Prompt
Here is the listing. Print it exactly.
Data supplied section start
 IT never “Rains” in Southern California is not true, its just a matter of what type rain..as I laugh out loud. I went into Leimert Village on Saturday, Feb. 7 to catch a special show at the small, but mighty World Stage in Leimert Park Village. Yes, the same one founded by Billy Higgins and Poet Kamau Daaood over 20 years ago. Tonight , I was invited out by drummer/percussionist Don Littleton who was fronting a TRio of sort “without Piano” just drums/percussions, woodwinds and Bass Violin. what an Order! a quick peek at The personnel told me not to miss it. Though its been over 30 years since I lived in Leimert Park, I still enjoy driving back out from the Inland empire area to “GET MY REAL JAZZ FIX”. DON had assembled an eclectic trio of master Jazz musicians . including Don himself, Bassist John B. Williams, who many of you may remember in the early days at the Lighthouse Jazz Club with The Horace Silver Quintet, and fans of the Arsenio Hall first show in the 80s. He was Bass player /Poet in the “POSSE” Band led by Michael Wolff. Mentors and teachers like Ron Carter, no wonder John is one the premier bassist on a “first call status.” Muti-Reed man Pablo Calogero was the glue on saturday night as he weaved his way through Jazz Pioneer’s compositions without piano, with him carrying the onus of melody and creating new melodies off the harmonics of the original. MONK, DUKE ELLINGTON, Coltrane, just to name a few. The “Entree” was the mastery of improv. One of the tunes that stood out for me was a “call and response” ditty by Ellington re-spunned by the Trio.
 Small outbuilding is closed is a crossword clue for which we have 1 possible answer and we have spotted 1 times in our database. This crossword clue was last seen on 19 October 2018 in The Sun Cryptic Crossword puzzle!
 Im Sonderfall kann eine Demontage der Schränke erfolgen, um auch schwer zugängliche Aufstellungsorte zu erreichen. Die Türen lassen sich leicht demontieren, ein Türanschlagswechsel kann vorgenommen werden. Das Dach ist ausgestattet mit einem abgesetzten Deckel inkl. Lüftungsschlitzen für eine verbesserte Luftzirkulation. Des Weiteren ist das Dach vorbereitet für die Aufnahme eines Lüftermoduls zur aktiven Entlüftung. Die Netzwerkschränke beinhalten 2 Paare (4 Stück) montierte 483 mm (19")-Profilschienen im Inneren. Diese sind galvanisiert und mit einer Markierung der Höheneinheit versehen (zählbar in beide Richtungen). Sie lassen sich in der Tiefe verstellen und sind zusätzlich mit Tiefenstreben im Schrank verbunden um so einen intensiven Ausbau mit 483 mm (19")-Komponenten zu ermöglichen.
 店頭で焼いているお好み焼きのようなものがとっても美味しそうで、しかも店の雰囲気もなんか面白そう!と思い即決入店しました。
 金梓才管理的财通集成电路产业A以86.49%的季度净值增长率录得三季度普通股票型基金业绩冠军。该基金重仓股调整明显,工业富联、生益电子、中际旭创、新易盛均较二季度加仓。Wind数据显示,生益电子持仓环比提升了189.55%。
Data supplied section end
Response box
 IT never “Rains” in Southern California is not true, its just a matter of what type rain..as I laugh out loud. I went into Leimert Village on Saturday, Feb. 7 to catch a special show at the small, but mighty World Stage in Leimert Park Village. Yes, the same one founded by Billy Higgins and Poet Kamau Daaood over 20 years ago. Tonight , I was invited out by drummer/percussionist Don Littleton who was fronting a TRio of sort “without Piano” just drums/percussions, woodwinds and Bass Violin. what an Order! a quick peek at The personnel told me not to miss it. Though its been over 30 years since I lived in Leimert Park, I still enjoy driving back out from the Inland empire area to “GET MY REAL JAZZ FIX”. DON had assembled an eclectic trio of master Jazz musicians . including Don himself, Bassist John B. Williams, who many of you may remember in the early days at the Lighthouse Jazz Club with The Horace Silver Quintet, and fans of the Arsenio Hall first show in the 80s. He was Bass player /Poet in the “POSSE” Band led by Michael Wolff. Mentors and teachers like Ron Carter, no wonder John is one the premier bassist on a “first call status.” Muti-Reed man Pablo Calogero was the glue on saturday night as he weaved his way through Jazz Pioneer’s compositions without piano, with him carrying the onus of melody and creating new melodies off the harmonics of the original. MONK, DUKE ELLINGTON, Coltrane, just to name a few. The “Entree” was the mastery of improv. One of the tunes that stood out for me was a “call and response” ditty by Ellington re-spunned by the Trio.
 Small outbuilding is closed is a crossword clue for which we have 1 possible answer and we have spotted 1 times in our database. This crossword clue was last seen on 19 October 2018 in The Sun Cryptic Crossword puzzle!
 Im Sonderfall kann eine Demontage der Schränke erfolgen, um auch schwer zugängliche Aufstellungsorte zu erreichen. Die Türen lassen sich leicht demontieren, ein Türanschlagswechsel kann vorgenommen werden. Das Dach ist ausgestattet mit einem abgesetzten Deckel inkl. Lüftungsschlitzen für eine verbesserte Luftzirkulation. Des Weiteren ist das Dach vorbereitet für die Aufnahme eines Lüftermoduls zur aktiven Entlüftung. Die Netzwerkschränke beinhalten 2 Paare (4 Stück) montierte 483 mm (19")-Profilschienen im Inneren. Diese sind galvanisiert und mit einer Markierung der Höheneinheit versehen (zählbar in beide Richtungen). Sie lassen sich in der Tiefe verstellen und sind zusätzlich mit Tiefenstreben im Schrank verbunden um so einen intensiven Ausbau mit 483 mm (19")-Komponenten zu ermöglichen.
 店頭で焼いているお好み焼きのようなものがとっても美味しそうで、しかも店の雰囲気もなんか面白そう!と思い即決入店しました。
 金梓才管理的财通集成电路产业A以86.49%的季度净值增长率录得三季度普通股票型基金业绩冠军。该基金重仓股调整明显,工业富联、生益电子、中际旭创、新易盛均较二季度加仓。Wind数据显示,生益电子持仓环比提升了189.55%。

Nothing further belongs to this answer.